Some of the same concerns were expressed by some members at a meeting of the regional rail subcommittee of the SEPTA Citizen’s Advisory Committee.
Though the CAC has not issued an official recommendation to SEPTA about the Silverliners, some members pointed out that Hyundai Rotem, the company that is manufacturing the Silverliners in a joint venture with Sojitz Corp., has never handled a rail project like this one before.
The Rotem venture was given the worst technical rating by SEPTA of all the bidders for the Silverliner V contract.
Because SEPTA doesn’t have the yard capacity to store the older Silverliners, Mitchell suggested they lease storage space from a railroad.
Though freight railroads do this quite often, Bob Parker, president and CEO of the East Penn Railroad, an area short-line railroad, said that his company has never stored passenger cars before. He said that doing that is “a different sort of animal” and that it would present different liability concerns.
For its part, SEPTA says that concerns about the Silverliner Vs are overblown.
David Casper, SEPTA manager for the Silverliner project, has told a meeting (http://planphilly.com/septa-issues-new-timeline-silverliner-v-cars) of the CAC rail subcommittee that it had addressed workmanship concerns seen in the Silverliner V mockup the authority displayed last year.

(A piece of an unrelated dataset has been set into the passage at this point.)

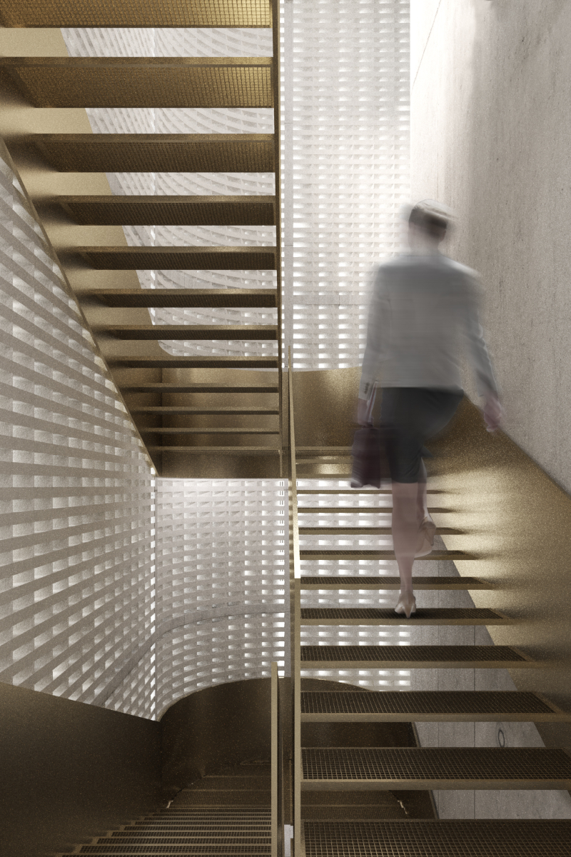 Il progetto prevede il mantenimento dell'attuale distribuzione verticale: le tre scale esistenti saranno interamente conservate e affiancate da due nuovi ascensori, mentre, per motivi di sicurezza antincendio, verranno inserite quattro nuove scale esterne di emergenza.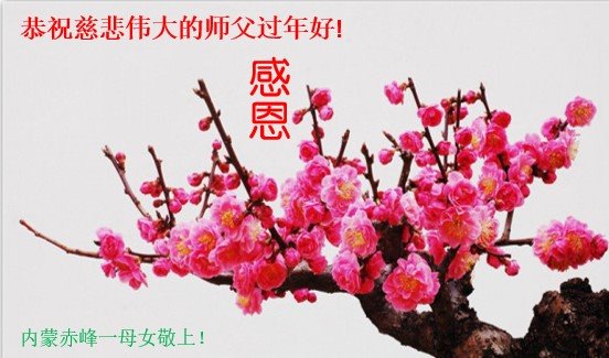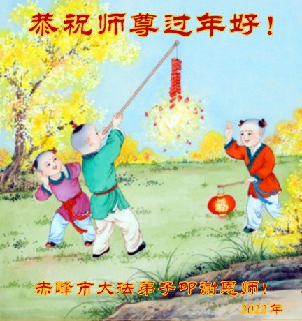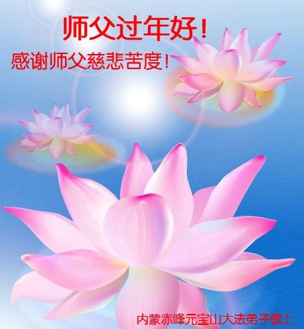 恭祝慈悲伟大的师尊新年快乐!在新的一年里,弟子要做好三件事,特别在救度众生中突破怕心,多救人。 内蒙古赤峰市大法弟子恭祝师尊过年好!

Luther Diggs, SEPTA’s assistant general manager for operations, also pointed out that SEPTA is planning on keeping some of the older cars on hand throughout the construction process. “We will have some overlap where we won’t just instantly take some things out of service,” he said.
SEPTA will still have 30 older cars on hand when all of the Silverliner Vs are in service, and because the rollout of the new cars will take more than a year, Diggs said that the authority will be able to identify any problems before they pose a threat to system capacity. He also said that SEPTA has been “testing and retesting” all of the equipment that will be going in the Silverliners to avoid any problems.
Though Rotem has never built regional rail cars before, Diggs said that the Silverliner Vs are being built out of equipment that’s “been around for years.”
“It’s not like we’re getting some strange vehicle from Korea,” he explained, adding that the Acelas were using “unproven technology.” Though Diggs expects that SEPTA will find minor issues with things like the software that will run the trains, he doesn’t expect there to be any major design flaws that could seriously slow rollout.